The expected order statistics form is terse.
cdf_x is a monotonic function. Wherever clusters detected on cdf_x, there must be corresponding clusters occuer on x.

Here, AnomDetct::cdf_convert is the function converts x to cdf_x. To use this function, users need to provide distribution family and the correponding parameters. However, in practice, those information might be unattachable. AnomDetct::fit_dist is designed to deal with this incomplete information cases.

based on users knowledge for the underlaying distribution cdf_x, he/she can do either of the followings:

# If the users know exactly what distribution data is from.
# For example, assume x is Weibull(0.6, 7)
cdf_x <- AnomDetct::cdf_convert(x = x, dist_null = "weibull", 
                                shape = 0.6, scale = 7)

# If the users only know distribution family but don't know parameters.
dist_info <- AnomDetct::fit_dist(x = x, dist_null = "weibull")
cdf_x     <- AnomDetct::cdf_convert(x = x, dist_null = dist_info$dist, 
                                    dist_info$para[1], dist_info$para[2])

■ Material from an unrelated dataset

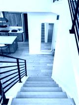 Modern staircase interior with railing and wooden steps

# If the users know nothing for the underlying distribution.
dist_info <- AnomDetct::fit_dist(x = x)
cdf_x     <- AnomDetct::cdf_convert(x = x, dist_null = dist_info$dist, 
                                    dist_info$para[1], dist_info$para[2])

When dist_null is missing in AnomDetct::fit_dist, this function will search for common continuous distribution families and returns the best fitted underlying distribution via ks-test and MLE. Disbribution misspecification is considered and will be discussed later.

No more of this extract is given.